Posted By on November 18th, 2013 in Vitaminfix Think - Issue 62

Meal bars are a great snack to help keep you from skipping meals.

You may think that by cutting meals, you’re cutting calories but really you’re just telling your body to store away more of those calories for later use. This increases fat storage, and can slow your metabolism leading to unwanted weight gain. You need to consume a combination of nutrients including protein, carbohydrates, essential fats and fiber every few hours to keep on track, but that can be challenging and expensive when you’re on the move.

With today’s busy lifestyles, you can’t always grab what’s in front of you and expect to reach your body shaping goals. So here are a few meal bars you can make at home to keep at work, or in the fridge for those grab ‘n go days. They contain natural sugars, for a fast burst of energy, antioxidants, whole grains, protein, fiber and other essentials to keep your body burning calories, and you feeling energized all day.

Chocolate Peanut Butter Bars satisfy cravings and offer a nutrient-dense snack or meal replacement option any time of the day. Make ‘em at home with this simple recipe.

Ingredients:

  • 2 ¼ cup crisp rice cereal
  • ¾ cup rolled oats
  • 1 cup natural peanut butter (or other nut butter)
  • 1 cup honey
  • 1 ½ Tbs cocoa powder
  • 1 6 oz dark chocolate baking bar

Directions:

1. Line a square 8×8 or 9×9 cake pan with wax paper and set aside

2. Mix together cereal, oats, and cocoa powder in a large mixing bowl. Set aside.

3. In a microwave safe bowl, melt the peanut butter and honey in the microwave for 30 seconds and mix together until smooth and combined. Pour over the dry ingredients and mix in, making sure all of the cereal is coated and all of the oats and cocoa are incorporated.

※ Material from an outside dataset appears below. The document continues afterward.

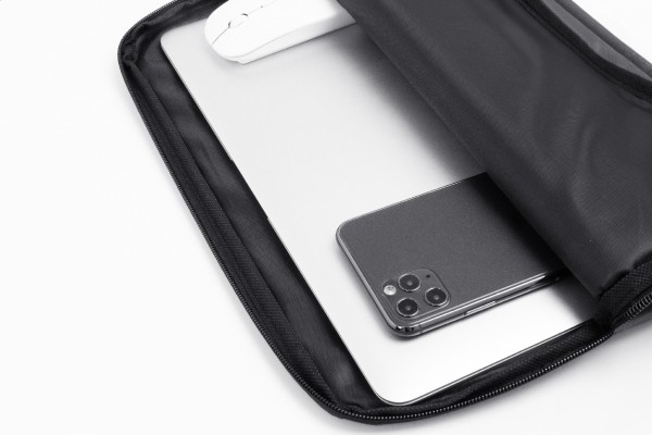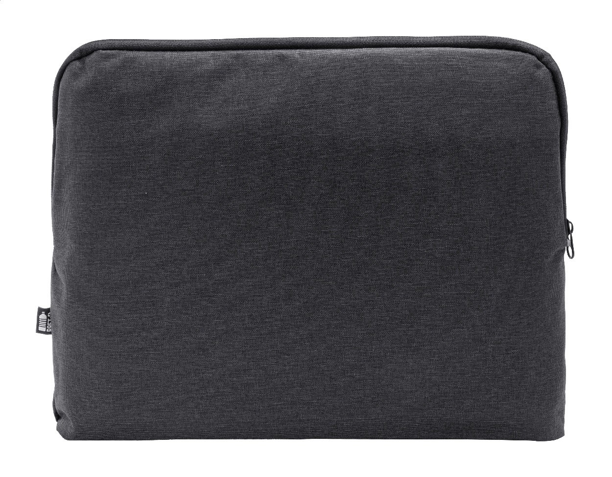 Geantă de laptop, din poliester 600D RPET, cu compartiment cu fermoar și căptușeală interioară. Potrivită pentru laptopuri de până la 15". Cu etichetă distinctivă RPET.

4. Press into the prepared pan. place another piece of wax paper and press down, making sure the mixture is spread across the entire pan.

5. Chill for 5-10 minutes in the refrigerator. While chilling, melt the chocolate in a microwave safe bowl in 30 second increments, stirring between each, until the chocolate is melted. Pour on the cereal mixture. Chill for 30-60 minutes in the freezer before cutting and serving.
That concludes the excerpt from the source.